Les experts pointaient notamment le financement de groupes armés grâce à leur trafic. Si les sanctions avaient été partiellement levées au cours des années, seules huit zones sur les 24 étaient autorisées à commercer le diamant. Aujourd’hui, les diamants en provenance de l’intégralité des régions du pays vont pouvoir être vendus à l’exportation.
« C’est d’abord un sentiment de justice pour le peuple centrafricain, déclare Rufin Benam Beltoungou, le ministre centrafricain des Mines. Il y avait deux principales conditions. Le retour de l’autorité de l’État en termes de sécurité sur l’étendue du territoire. Et une exigence minimale des règles du processus de Kimberley. Tout le gouvernement s’y était engagé, le chef de l’État a travaillé pour cela ».
« En tant que Centrafricain, c’est un sentiment de fierté », se réjouit Paul-Crescent Beninga, membre de la coalition pour la société civile du processus de Kimberley. Une levée de l’embargo particulièrement importante pour les populations dépendantes des activités minières, insiste-t-il. Cependant, la société civile devra être vigilante au respect des demandes faites par le processus de Kimberley.
« Il demande par exemple au gouvernement centrafricain, pendant toute l’année 2025, de venir présenter des données statistiques relatives aux transactions autour du diamant. Et nous allons y veiller pour que la République centrafricaine puisse respecter ces conditions-là. Également, nous allons veiller sur les questions de la transparence dans le processus d’extraction, de commercialisation et d’exportation », ajoute Paul-Crescent Beninga.
Le ministre alerte sur les cours du marché du diamant actuellement particulièrement bas. Les autorités espèrent cependant que la reprise de la production du diamant sur l’ensemble du territoire servira les caisses de l’État.
Réuni à Dubaï, en Arabie saoudite, le Processus de Kimberley (KP), l’organisme de régulation du commerce mondial du diamant, a procédé à la levée totale de la sanction. La Centrafrique plaidait depuis plusieurs mois pour cette levée totale de l’embargo en faisant valoir la normalisation de la situation sécuritaire et la conformité aux normes du KP visant à bloquer les « diamants de sang » issus des zones de conflits. Elle figure parmi les pays les plus pauvres au monde.
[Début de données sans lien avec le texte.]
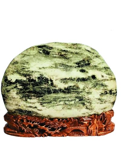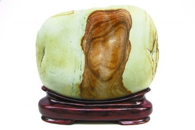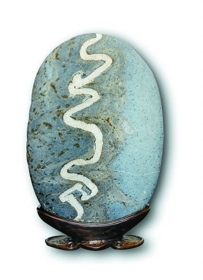 金沙江卵石的種類繁多,主要有芙蓉石、墨畫石、油畫石、龜紋石、螺鈿石、松花石、丹彩石、牧羊石、金剛石、燙畫石、彩蠟石、金沙彩等。這些石頭到底有多好,水富縣的石友們總結(jié)出十大美——天然美、色彩美、線條美、石質(zhì)美、形象美、裝飾美、朦朧美、含蓄美、空靈美、意境美。如果沒有江水長年累月的沖刷和搬運,也就不會形成這么多美麗的石頭。水富縣奇石辦多次組織當(dāng)?shù)氐氖虆⒓尤珖?,幾年來,捧回特等獎一枚,金?85枚,銀獎420枚,優(yōu)秀獎600枚。好像是在夸自己,曹會長說得有些臉紅,用手拍打起石頭來。在一旁的老伴兒說,老曹一高興就愛拍石頭,說石頭能聽懂他的話。這倒讓我想起著名美學(xué)家王朝聞贊美奇石的一首詩:“石居人外,人在石中。相擊相和,創(chuàng)造對方?!?/p>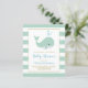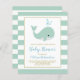 This sweet gender-neutral drive-by baby shower invitation features a cute mint green whale spouting blue water drops. The words "Baby Shower" and the customisable name of the mum-to-be appear in matching blue handwriting font. Beyond the faux gold rectangular frame is a background of mint green and white stripes.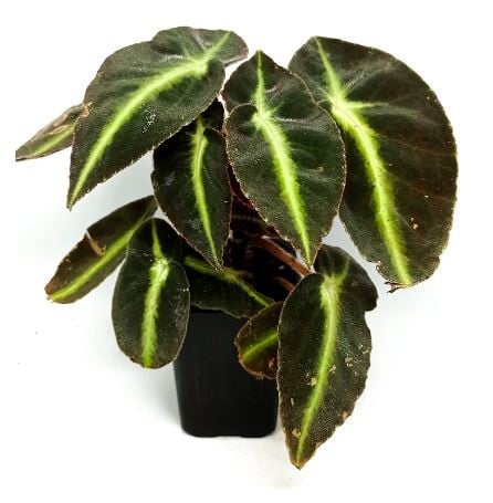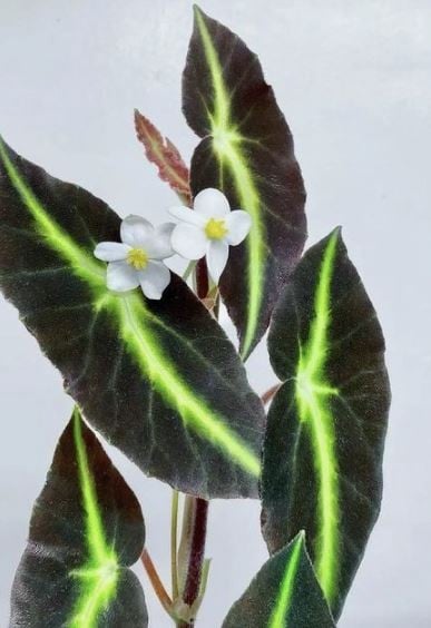 أوراقها بيضاوية تنتهي بنقطة، ذات ملمس ناعم ناتج عن شعرها الخفيف. لون أوراقها أخضر داكن مع وجود خط أخضر ليموني ملحوظ على طول عروقها. الجذع والجانب السفلي من العقيق الأحمر اللون. يمكن زراعته في الداخل والخارج، طالما أنه لا يعاني من الصقيع.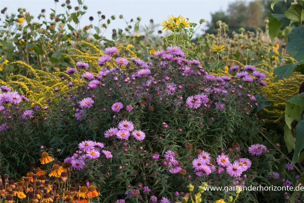 Die Garten-Raublatt-Aster 'Barr´s Pink' setzt schöne Akzente gemeinsam mit: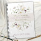 Ce journal de prière personnalisé a des fleurs sauvages verts, or et violet avec le verset de la Bible Luc 1:45 Heureux celui qui a cru que le Seigneur remplirait ses promesses envers elle.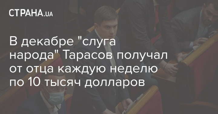 В декабре "слуга народа" Тарасов получал от отца каждую неделю по 10 тысяч долларов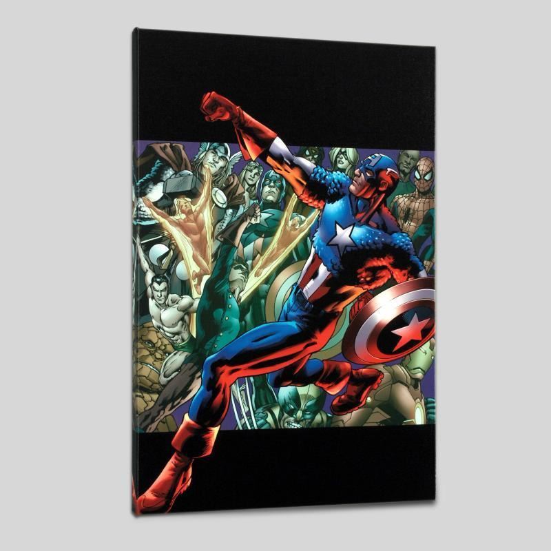A piece of comic book history, this limited edition, from original art by Bryan Hitch, depicts the heroic Captain America. British artist Bryan Hitch was inspired by comic books at an early age. Not only has Hitch worked on the The Avengers, Captain America, and She-Hulk, but he also did the character design for the Ultimate Avengers and Ultimate Avengers 2 animated films. "Captain America: Man Out Of Time #5" is a limited edition giclee on canvas by Bryan Hitch presented by Marvel Comics! This piece comes gallery wrapped. Includes Certificate of Authenticity! Measures approx. 18" x 27" (image); 1.5" (depth).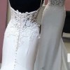 This stunning Allure Bridals dress is a beautiful reflection of my wedding day dreams, and now it’s ready to make someone else feel equally magical. The fit and flare silhouette hugs all the right curves, creating an elegant and timeless look that transitions effortlessly from ceremony to celebration. The inviting V-neckline beautifully frames the décolletage while the low back adds a touch of allure, enhancing the overall romantic vibe of the dress.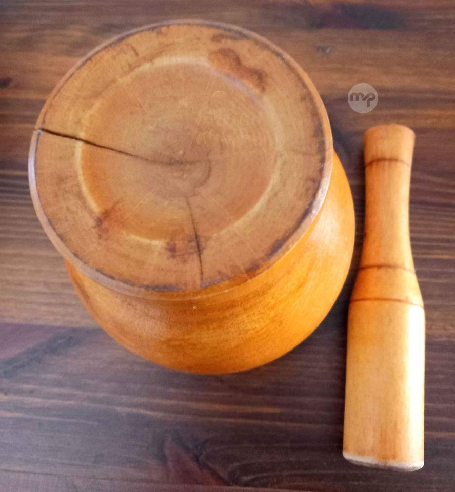VINTAGE WOODEN MORTAR WITH PESTLE - MEHRIEZ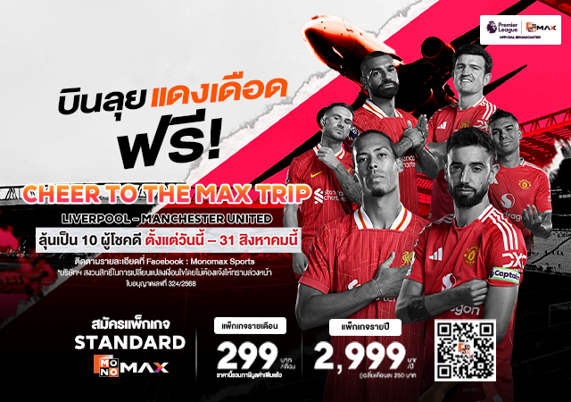 MONOMAX ออกกิจกรรมเอาใจแฟนบอลขั้นสุดกับ CHEER TO THE MAX VOL.1 ที่พาผู้โชคดีลุ้นบินไกลถึงอังกฤษ เชียร์ติดขอบสนามแอนฟิลด์ในศึกแดงเดือด ลิเวอร์พูล พบ แมนเชสเตอร์ ยูไนเต็ด ในวันที่ 18 ต.ค. 2568 นี้ โดยผู้โชคดีทั้ง 10 ท่านจะได้เดินทางไปเยือนประเทศอังกฤษระหว่างวันที่ 16-21 ต.ค. 2568 แบบฟรีๆ! เที่ยวแบบจัดเต็ม ถูกใจคอบอลทั้งแฟนหงส์และแฟนผี กับการพาทัวร์สนามแอนด์ฟิลด์และสนามโอลด์แทรฟฟอร์ด พร้อมด้วยแมทช์แดงเดือดแบบใกล้มากกว่าที่คุณเคยสัมผัส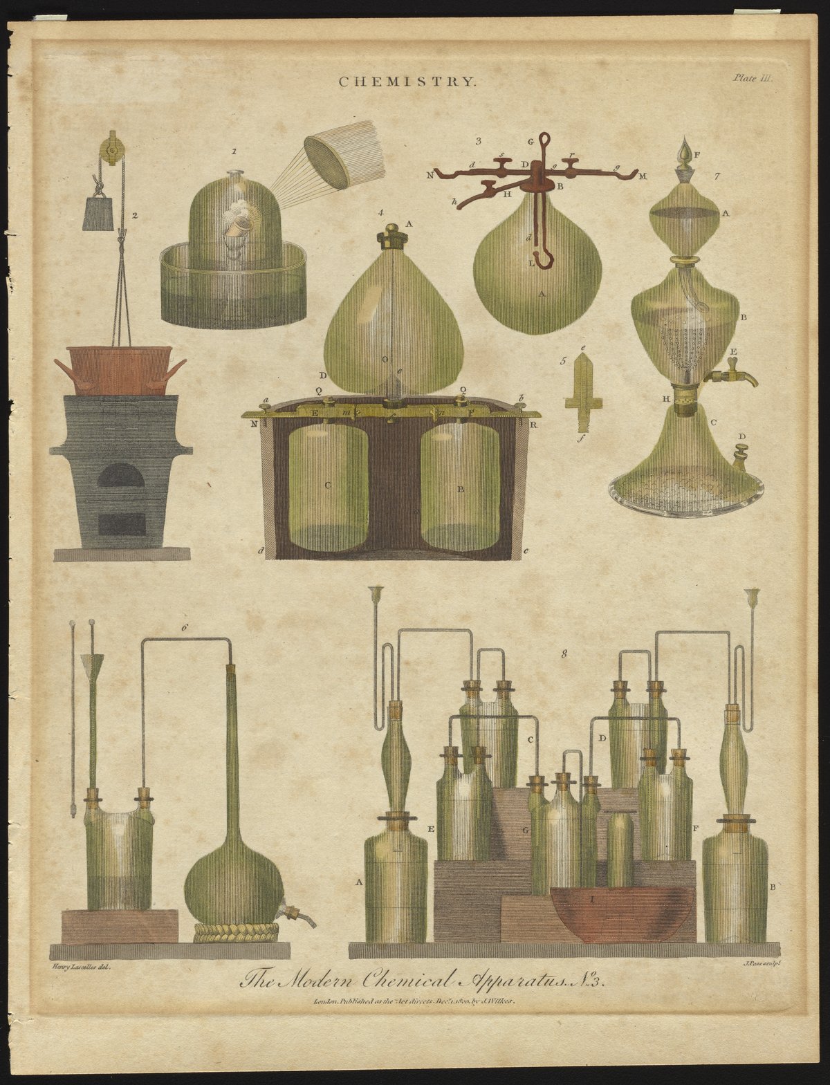 Lascelles, Henry. “Plate III: The Modern Chemical Apparatus. No.3.” Wove paper, paper (fiber product). London, England: Wilkes, John, of Milland House, Sussex, December 1, 1800. Science History Institute. Philadelphia. https://digital.sciencehistory.org/works/h989r390s.
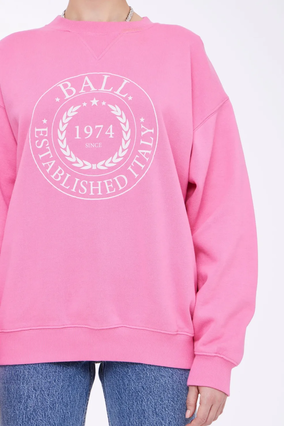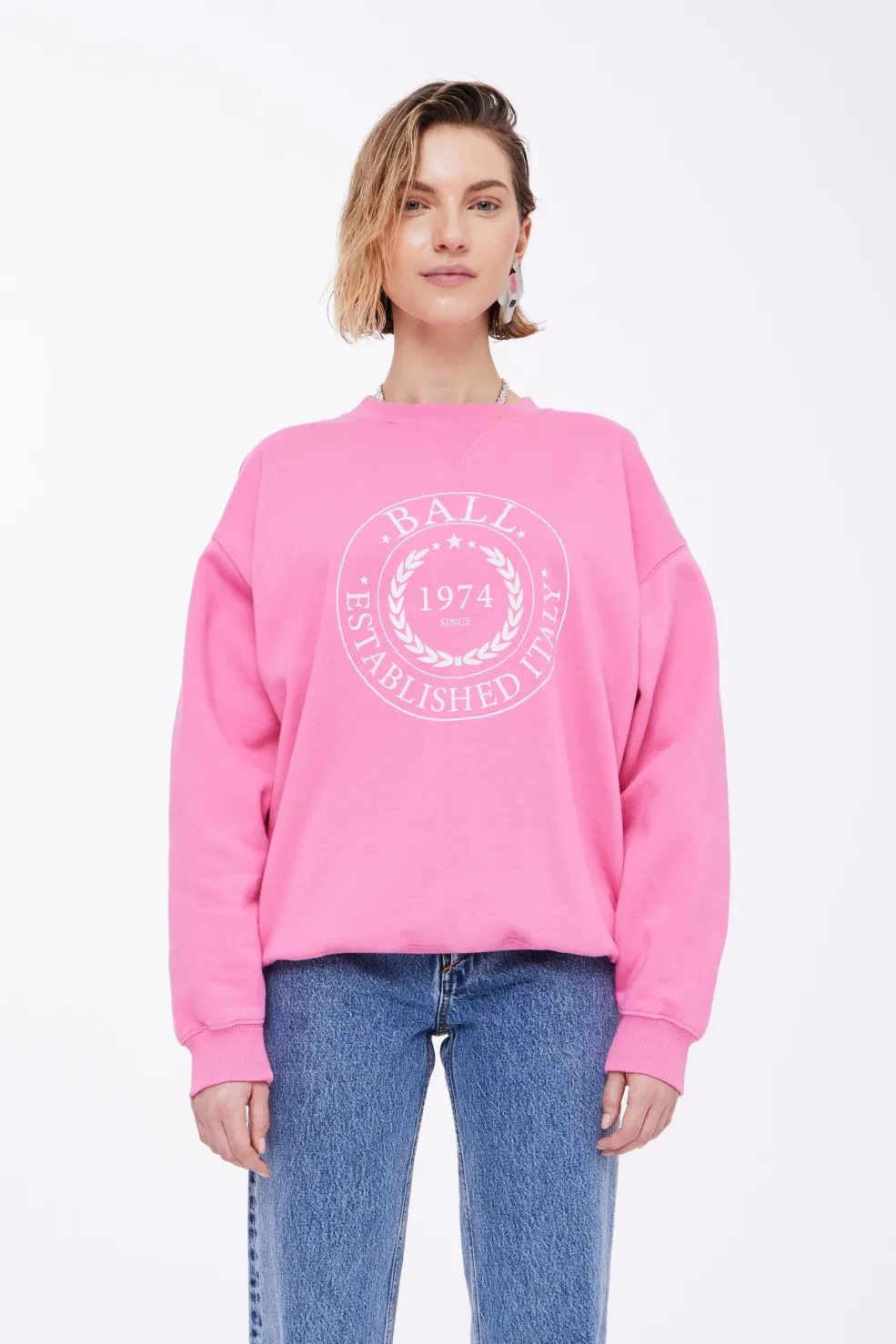 Rosa sweatshirt fra Ball med broderet logo og laurbærkrans på forsiden. Sweatshirten har en oversize pasform og kommer i en klar azalea-pink farve.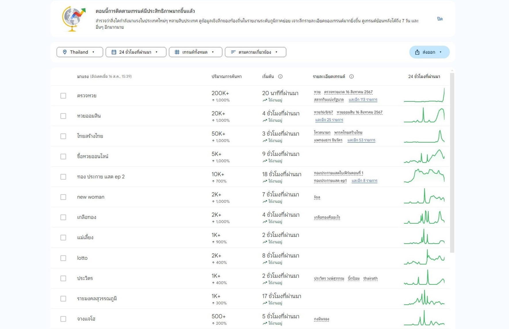 เพื่อให้เข้าใจได้ง่ายยิ่งขึ้น 'Trending Now' จะแสดงรายละเอียดของแต่ละเทรนด์ รวมถึงวันที่เริ่มต้น ระยะเวลา และบทความข่าวที่เกี่ยวข้อง นอกจากนี้ ยังมีการแสดงภาพกราฟิกของความสนใจในการค้นหาตามช่วงเวลา ซึ่งช่วยให้เปรียบเทียบเทรนด์ และส่งออกข้อมูลได้ง่ายขึ้น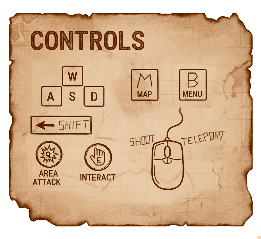 - Tactical Teleport (Right Click): An advanced mobility tool. The player projects an energy beam up to a distance of 5 meters; if the path is clear of obstacles, the player instantly teleports to that location, enabling flanking maneuvers or the ability to dodge lethal attacks.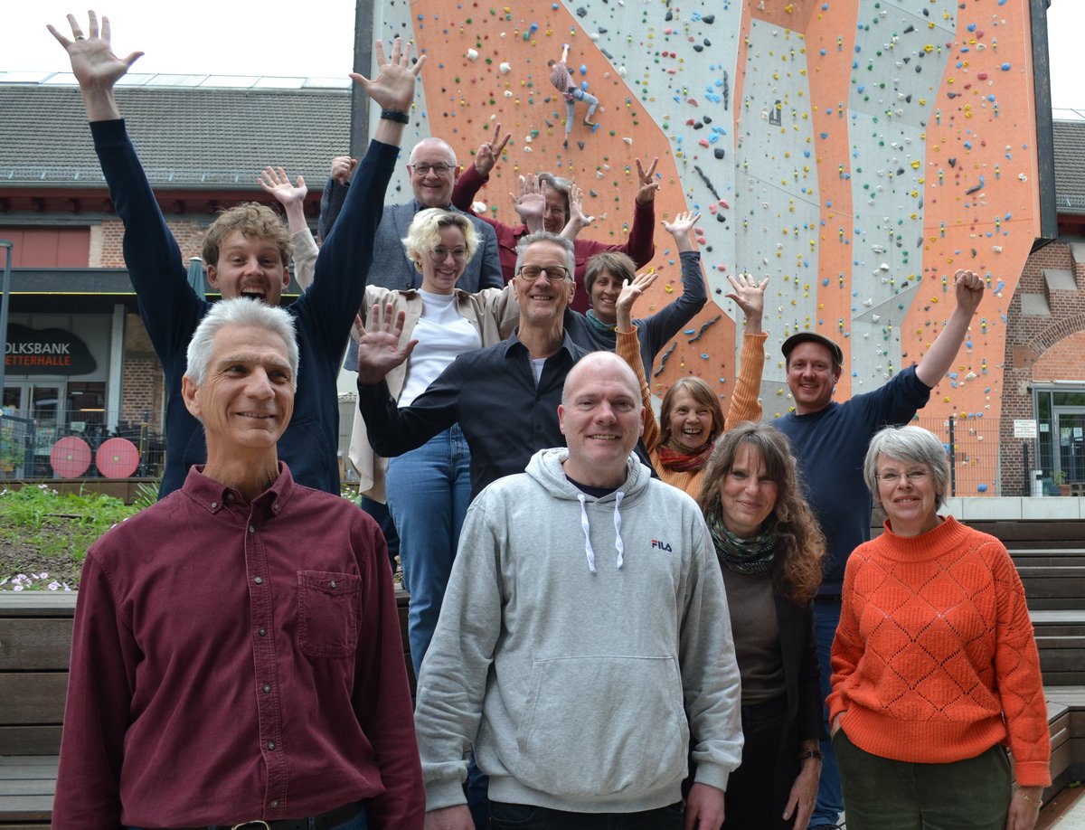 Zum Abschluss unseres Treffens machen wir noch ein gemeinsames Foto vor der Kletterwand an der Waggonhalle: Wir wissen, dass uns ein steiler Anstieg bevorsteht, ein Kraftakt ungekannten Ausmaßes. Was uns oben erwartet, ist nicht ganz abzusehen. Doch wenn wir umsichtig sind und einen Schritt nach dem anderen tun, dann können wir gemeinsam etwas erreichen, was noch keiner vor uns geschafft hat: Ein erfolgreiches Volksbegehren in Hessen, dass die direkte Demokratie in den Kommunen stärkt und ein deutliches Signal an die Landesregierung sendet: Wer Beteiligungsrechte abbaut, weckt den hessischen Löwen!

Entre 2015 et 2018 a été levée l’interdiction d’exportation prononcée en 2013 après le renversement du président François Bozizé par une coalition de rebelles en majorité musulmans, la milice Séléka. Mais les deux-tiers des vingt-quatre zones minières diamantifères répertoriées étaient encore sous sanction. Les riches gisements de diamants alluvionnaires constituent, avec l’or, une des ressources les plus précieuses de la Centrafrique, avec des permis d’exploitation et de recherche délivrés à des Chinois, des Américains, des Rwandais et des Russes liés au groupe privé paramilitaire Wagner.
En 2011, deux ans avant le coup d’Etat militaire qui a ensuite dégénéré en une interminable guerre civile, le pays exportait officiellement 323 575,30 carats de diamants pour un revenu de 29,7 milliards FCFA (environ 45 millions d’euros). En 2023, ce revenu était de 324,3 millions FCFA (496 000 euros), selon des chiffres officiels.